[[ Dataset extract open ]]

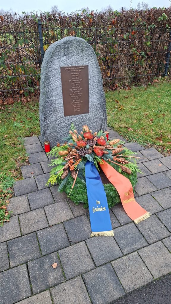 Anlässlich des Volkstrauertages 2025 trafen sich etliche Heisberger Bürgerinnen und Bürger am Gedenkstein auf dem Friedhof und gedachten der vielen Opfer von Terror und Gewalt, die in den beiden Weltkriegen und darüber hinaus ihr Leben verloren haben.
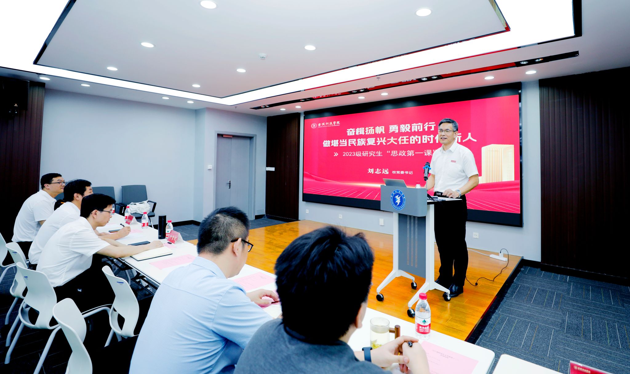 刘志远以《奋楫扬帆 勇毅前行 做堪当民族复兴大任的时代新人》为题,为2023级研究生上了思想政治教育第一课。他从校情校史出发,立足时代背景,分析国际国内环境,鼓励同学们脚踏实地,砥砺奋进,珍惜在研究生阶段的学习时光,始终秉承“厚德兴业”的校训,在担负时代使命中彰显人生价值。他对同学们提出了六点希望:一要坚定理想信念,树立强国报国之志。要将个人前途与国家命运同频共振,顺应时代潮流,把个人成长融入祖国发展需要,努力成长为堪当民族复兴重任的时代新人。二要坚持敢为人先,追寻守正创新之路。要在创新的深度和广度上下功夫,既要聚焦问题、锚定方向,深耕自己的研究领域,又要突破固有认知的局限,以交叉融通启发新思维、开辟新境界、实现新突破。三要找准自身定位,谋定成长发展之策。要时刻关注国家社会的重大需求,密切接触行业、企业,学会从生产生活实践中去发现问题并解决问题,真正实现自己研究生阶段的学习目标。四要学会团结协作,锤炼勇毅前行之力。要善于分享和相互学习,保有敏锐洞察事物的活力,具备持续不懈钻研的毅力,在大胆质疑、勇于尝试中充分激发奇思妙想,不断提升创新创造能力。五要坚持学术规范,恪守学术道德底线。要严于律己、求真务实,踏踏实实写论文,认认真真做科研,求真学问、练真本领。六要积极乐观向上,永葆奋发进取之心。邀养成良好的作息和锻炼身体的习惯,秉承学校“让运动成为习惯、让生命更加精彩”的理念,强体魄、健身心,为自己的学习、生活和工作打下坚实基础。
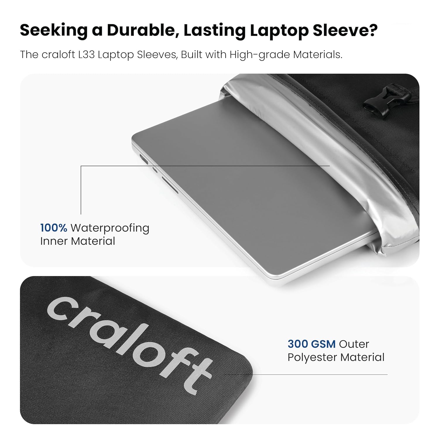 8MM SHOCK-RESISTANT PADDING – Built with a protective 8mm sponge layer, this laptop sleeve 15 inch cushions your device from drops and bumps. A reliable craloft laptop sleeve 15.6 inch for professionals who need extra peace of mind while traveling.
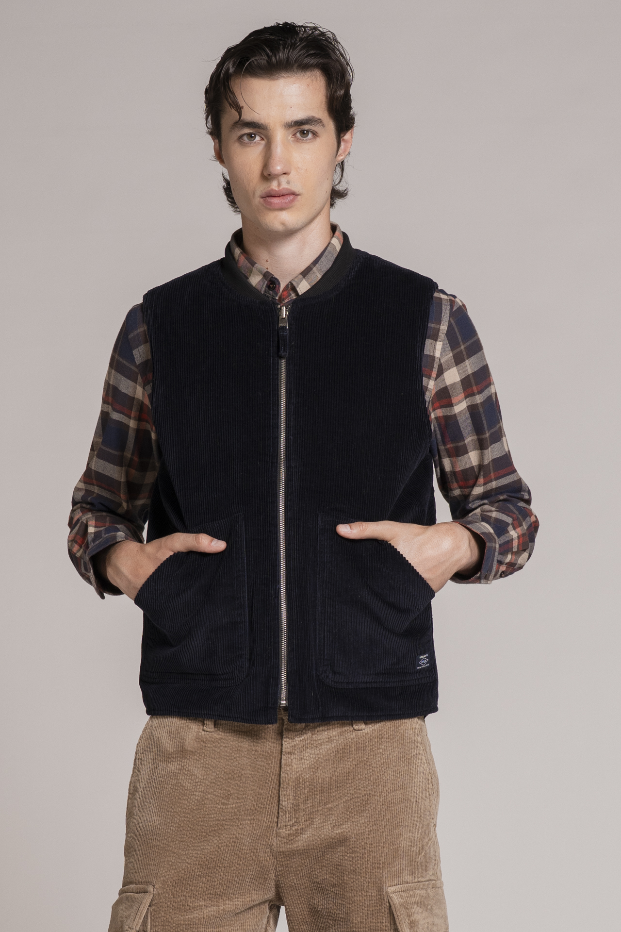 GILET REVERSE CORDUROY 500 STRIPES NAVY
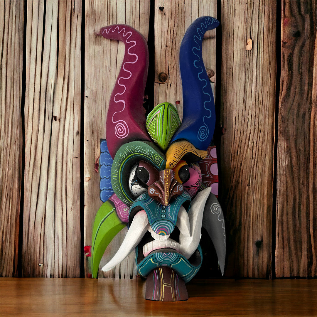 Diese eindrucksvolle Maske verkörpert einen kraftvollen Dschungelgeist mit zwei geschwungenen Hörnern – Symbol für Dualität, Balance und innere Stärke.

[[ Dataset extract closed ]]

## The problem
From the line that contains "8MM SHOCK-RESISTANT PADDING" to the final line of the entries, reproduce every line exactly, both ends included. Leave out all pictures.

## Reply
 8MM SHOCK-RESISTANT PADDING – Built with a protective 8mm sponge layer, this laptop sleeve 15 inch cushions your device from drops and bumps. A reliable craloft laptop sleeve 15.6 inch for professionals who need extra peace of mind while traveling.
 GILET REVERSE CORDUROY 500 STRIPES NAVY
 Diese eindrucksvolle Maske verkörpert einen kraftvollen Dschungelgeist mit zwei geschwungenen Hörnern – Symbol für Dualität, Balance und innere Stärke.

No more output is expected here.